Since I don’t have experiences in c++, I am struggle here, so need your helps. Many Thanks
All files are just a stream of bytes. You can open files in binary mode, or text mode. The later simply means that it may have extra newline handling.
If you want your text file to contain only safe human readable characters you could do something like base64 encode your binary data before saving it in the text file.
Very easy:
Create target or destination file
(a.k.a. open).
Open source file in binary mode,
which prevents OS from translating
the content.
Read an octet (byte) from source
file; unsigned char is a good
variable type for this.
Write the octet to the destination
using your favorite conversion, hex,
decimal, etc.
Repeat at 3 until the read fails.
Close all files.
Research these keywords: ifstream, ofstream, hex modifier, dec modifier, istream::read, ostream::write.
There are utilities and applications that already perform this operation. On the *nix and Cygwin side try od, *octal dump` and pipe the contents to a file.
There is the debug utility on MS-DOS system.
A popular format is:
AAAAAA bb bb bb bb bb bb bb bb bb bb bb bb bb bb bb bb cccccccccccccccc
where:
AAAAAA -- Offset from beginning of file in hexadecimal or decimal.
bb -- Hex value of byte using ASCII text.

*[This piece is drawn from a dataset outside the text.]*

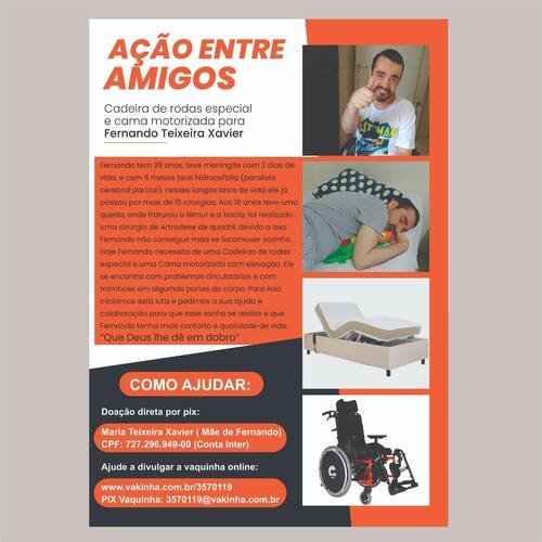 Fernando tem 39 anos, teve meningite com 2 dias de vida, e com 6 meses teve hidrocefalia ( paralisia cerebral parcial), nesses longos anos de vida ele já passou por mais de 15 cirurgias. Aos 16 anos teve uma queda, onde fraturou o fêmur e a bacia, foi realizado uma cirurgia de Artrodese de quadril, devido a isso Fernando não consegue se locomover sozinho. Hoje Fernando necessita de uma Cadeiras de rodas especial para o caso especifico dele, uma Cama motorizada com elevação por conta da circulação e fraldas. Ele se encontra com problemas circulatórios e com trombose em algumas partes do corpo.Seu Pai Márcio é o único que trabalha na casa, sua mãe Maria Aparecida é dona do lar e cuidadora integral do Fernando. Maria Aparecida sua mãe enfrenta também problemas de saúde. Ela é diabética grau 3, e sofre de problemas no coração (Angina) isso dificulta muito no dia a dia, ela nao pode fazer esforços fisicos entre outras Restrições. Mas como mãe, ela precisa fazer muito mais que esforços fisicos diariamente.Fernando também necessita fazer fisioterapias diárias, e atualmente faz somente 1 vez na semana pelo estado. Fernando usa fraldas, e ganha atualmente 100 frandas ao mês da Prefeitura, mais sendo adulto acaba em 15 dias. Ele faz uso de medicamentos diários, 1 desses medicamentos custa R$300,00 /mês, fora os outros. Para isso iniciamos está luta e pedimos a sua ajuda e colaboração para que esse sonho se realize e que Fernando tenha mais conforto e qualidade de vida.
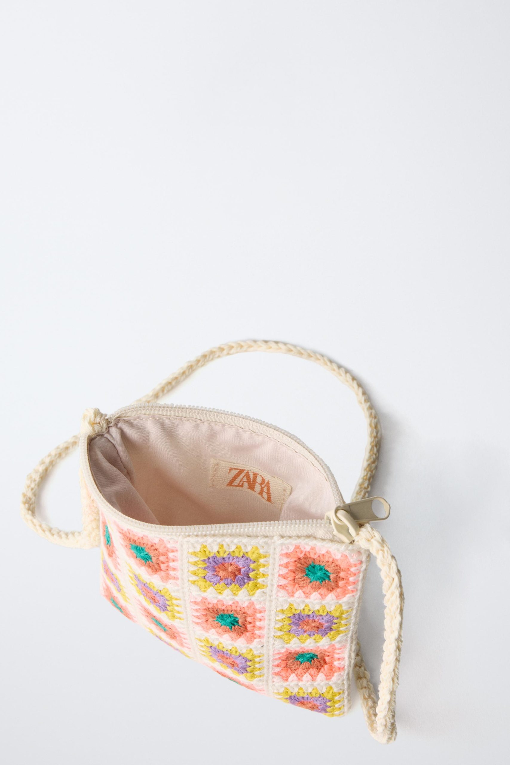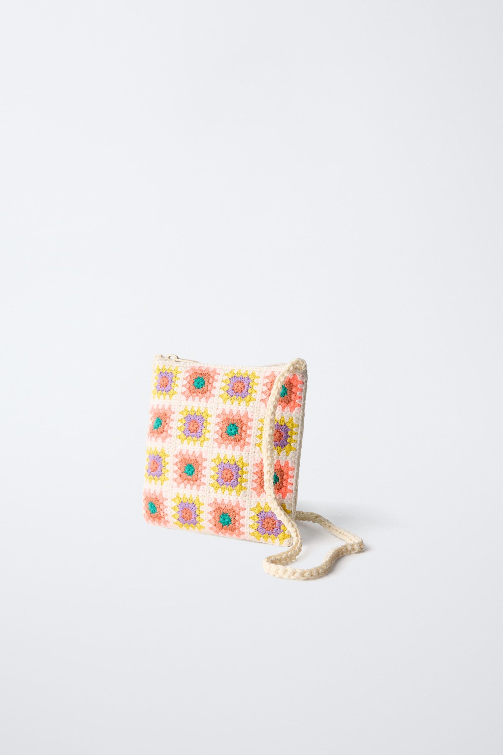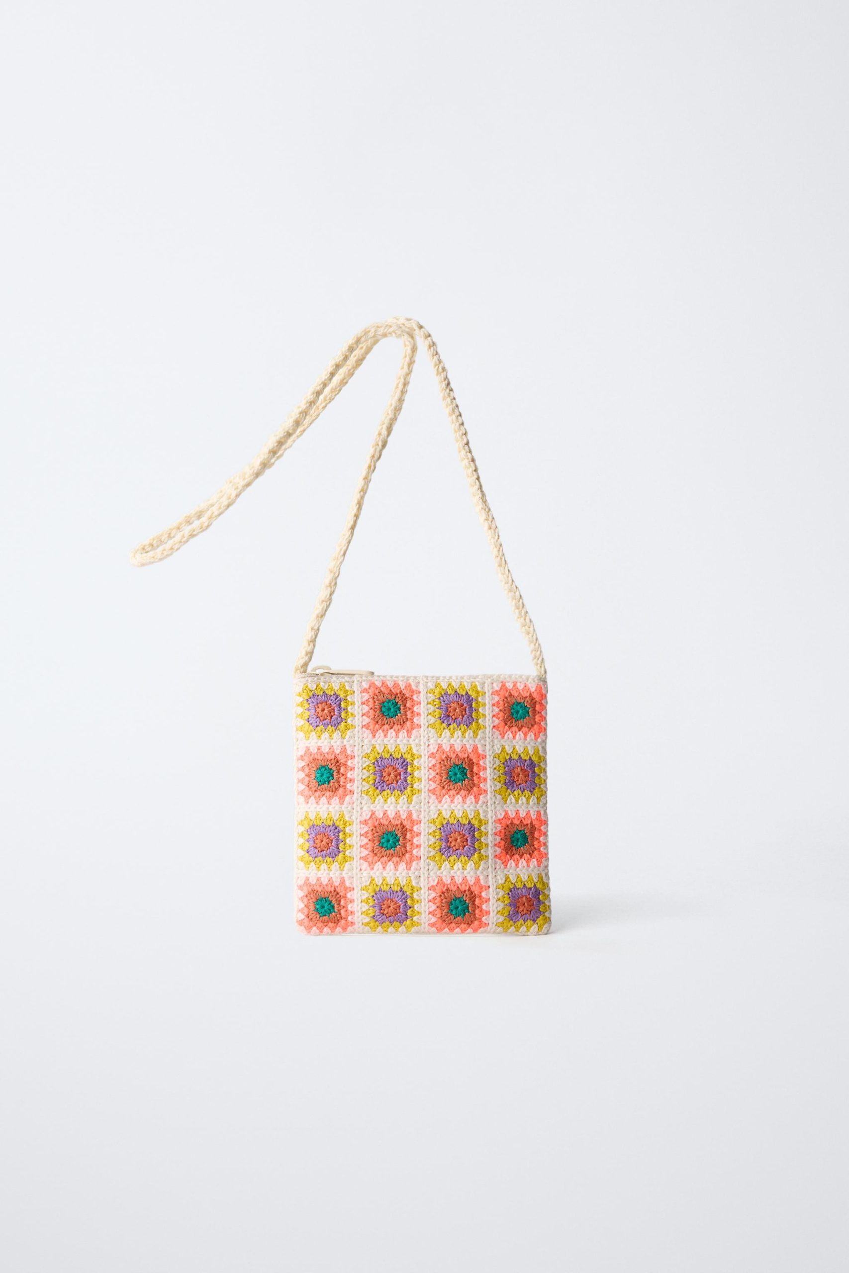 - Tığ işi detaylı çapraz askılı çanta. Fermuarlı ana bölme. Omuz askısı.

c -- Character representation of byte, '.' if the value is not printable.
Please edit your post to provide more details, including an example layout for the target file.
Edit:
A complex example (not tested):
#include <iostream>
#include <fstream>
#include <cstdio>
#include <cstdlib>
using namespace std;
const unsigned int READ_BUFFER_SIZE = 1024 * 1024;
const unsigned int WRITE_BUFFER_SIZE = 2 * READ_BUFFER_SIZE;
unsigned char read_buffer[READ_BUFFER_SIZE];
unsigned char write_buffer[WRITE_BUFFER_SIZE];
int main(void)
{
int program_status = EXIT_FAILURE;
static const char hex_chars[] = "0123456789ABCDEF";
do
{
ifstream srce_file("binary.dat", ios::binary);
if (!srce_file)
{
cerr << "Error opening input file." << endl;
break;
}
ofstream dest_file("binary.txt");
if (!dest_file)
{
cerr << "Error creating output file." << endl;
}
// While no read errors from reading a block of source data:
while (srce_file.read(&read_buffer[0], READ_BUFFER_SIZE))
{
// Get the number of bytes actually read.
const unsigned int bytes_read = srce_file.gcount();
// Define the index and byte variables outside
// of the loop to maybe save some execution time.
unsigned int i = 0;
unsigned char byte = 0;
// For each byte that was read:
for (i = 0; i < bytes_read; ++i)
{
// Get source, binary value.
byte = read_buffer[i];
// Convert the Most Significant nibble to an
// ASCII character using a lookup table.
// Write the character into the output buffer.
write_buffer[i * 2 + 0] = hex_chars[(byte >> 8)];
// Convert the Least Significant nibble to an
// ASCII character and put into output buffer.
write_buffer[i * 2 + 1] = hex_chars[byte & 0x0f];
}
// Write the output buffer to the output, text, file.
dest_file.write(&write_buffer[0], 2 * bytes_read);
// Flush the contents of the stream buffer as a precaution.
dest_file.flush();
}
dest_file.flush();
dest_file.close();
srce_file.close();
program_status = EXIT_SUCCESS;
} while (false);
return program_status;
}
The above program reads 1MB chunks from the binary file, converts to ASCII hex into an output buffer, then writes the chunk to the text file.
I think you are misunderstanding that the difference between a binary file and a test file is in the interpretation of the contents.